Boston moshers rock the Great Wall

Soon-to-be-famous US bands make a buzz in Beijing for rock-starved and enthusiastic fans.

Damone is a hard-driving rock band weaned in the basements, garages, and attics of working-class Waltham, Mass. With a 16-year-old lead singer and a songwriter who works at his dad's construction company, they are maybe almost famous.

Damone signed a deal with RCA this fall, but until they came to Beijing recently, they had never played outside Boston, except for a gig in Jersey.

Their thin touring experience didn't matter to the audience at the Yan Club here. What mattered was that they were actual rock'n'rollers from the US. Not many accomplished American bands come to China, but when they do, as with Damone, they leave a little buzz in the air.

As one 21-year old Chinese student says, "A lot of us have big CD collections, but it was pretty amazing seeing what a band can do live." Indeed, Damone's lead singer - called "Noelle," and still in high school - started the set by jumping off an amplifier. Throngs began to mosh by the stage, bringing out security guards who told the band to stop. "I think they thought we were trying to start a riot," says Peter Galli, Damone's manager. "Hardly. The band was just pumped up."
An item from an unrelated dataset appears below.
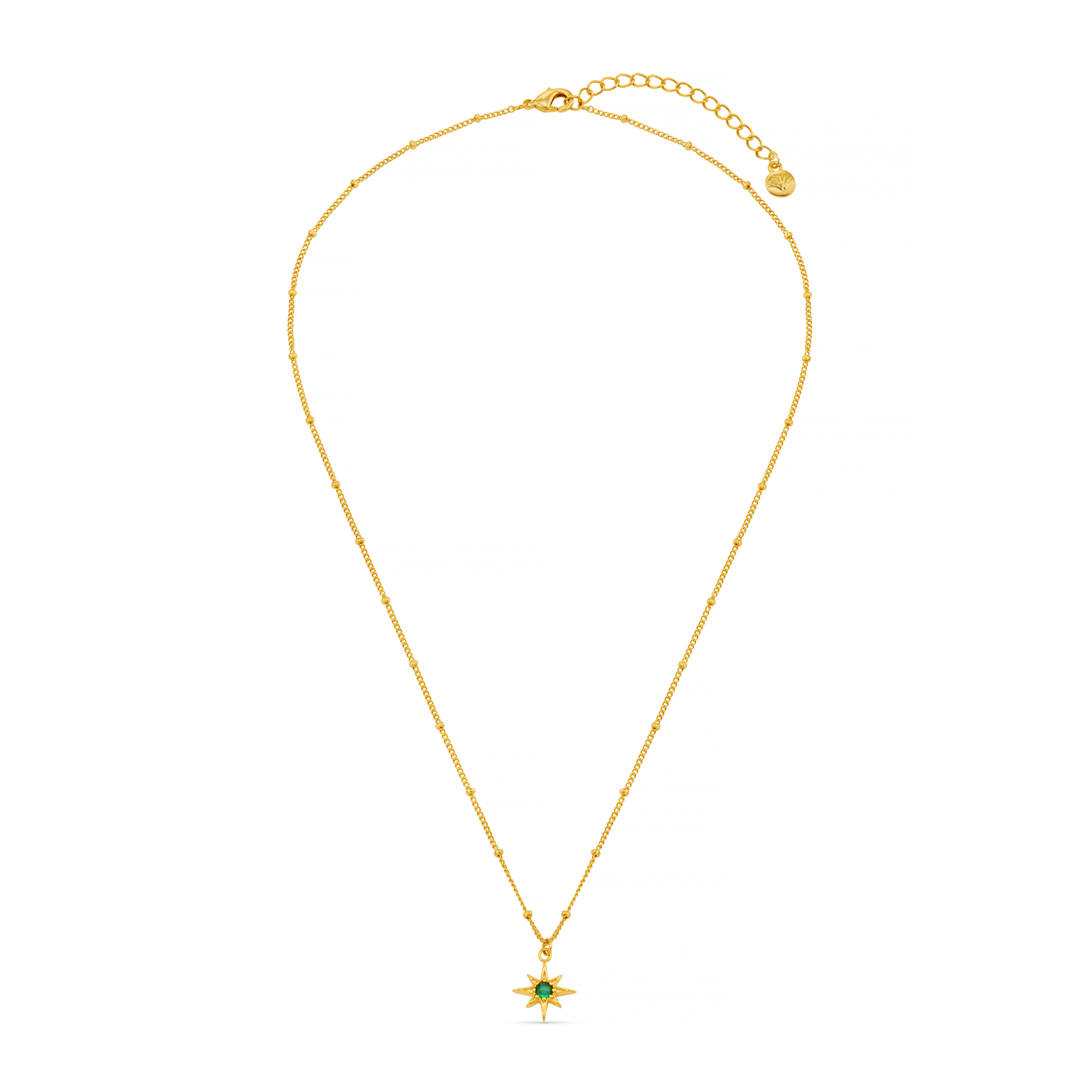 This Emerald Star Charm Necklace is a combo of our two favourite trends, emeralds & starburst shapes.

Damone is one of a steady new trickle of "baby acts" - the industry term for newly signed bands that don't have a hit, but are considered promising - now coming to Asia. Rock-starved places like China attract baby acts because the cost and expectations are modest, and promotional prospects back in the US are rich. At the same time, the US bands do engage in a bit of cultural exchange with Chinese counterparts.

"[Damone] played Nanjing with a Chinese band called Black Element," says Tyler Oliver, a video producer traveling with Damone. "The Chinese band was really good. But when they heard these guys, it was like 'Wow.... So that's possible.' "

Chinese popular music tends to mimic the Hong Kong and Taiwanese boy and girl bands that flowered after the American Backstreet Boys phenomenon. "Being a Chinese band is like being a Connecticut band," offers Michael Wester, editor of "That's Beijing," an English-language monthly that cosponsored the Beijing show. "You are stuck between the talent in New York and Boston."

Nor can Chinese hard rockers make a living here; most bands typically split about $12 after a show. Most musicians know what is and isn't acceptable to authorities, and censor themselves accordingly.

Still, the art form stubbornly persists. This summer, China approved an outdoor festival at Snow Mountain, near the newly titled Shangri-La County in Sichuan. Dubbed "China's Woodstock," it featured the slightly Dylanesque Cui Jian, who for many years has been China's best-known rock star.

For baby acts from the States, China venues have a prestige element. "It is more interesting to say you rocked the Great Wall of China than to say you rocked Alston, [Mass.], where everyone rocks," says Mr. Wester. Damone played Nanjing and Shanghai as well - all caught on video for a release in February with Damone's first album.

Adam Lewis of Planetary Group in Boston has escorted six acts - rock, funk, and pop - to China in the past year. They all played small clubs that mainly advertise in English, didn't make big blips on the state censorship radar, and were gone in a few days. "There's so much boot-legging that you don't get big acts. But coming to Asia is good exposure," he says. "We haven't had censorship problems, but I choose bands that don't have offensive names or lyrics, and reach a certain level of professionalism."

For Damone, coming to the Middle Kingdom is also a chance to unify and get in fighting shape for the grueling road shows they will do once their album - with heavy metal melodies and teen angst songs like "Frustrated Unnoticed" and "At the Mall" - comes out in February. The band's style is part heavy metal, part pop, part grunge, and their influences are groups like Weezer and Amen, says Dave Pino, the band's songwriter and center of gravity.

Damone was formed after Mr. Pino, formerly of the band Waltham, spent an anguished year getting over a breakup, a period of writer's block, a clash with a major record producer, and 15 months listening to every band he could find in Boston. The band really came together when Pino found Noelle, a shy but smoldering junior at Waltham High who was singing for local teen bands.

"Pino is an amazing guitar player who's got a backlog of something like 150 songs," says Carly Carioli of the alternative weekly Boston Phoenix, who traveled East with Damone. "Let's see how they do. Everyone's tired of heavy metal and skateboard music, and people are waiting for what's next."

At the very least, they can say they've rocked the Great Wall.

Backstage after the show, in a tiny overheated dressing room where everyone sits on guitar cases and promoters bump into Chinese musicians and a crazy collocation of expats, the mood is good. "Usually US groups start playing in Europe," says the bass player, known as Vazquez. "We are in China, and we haven't even played California."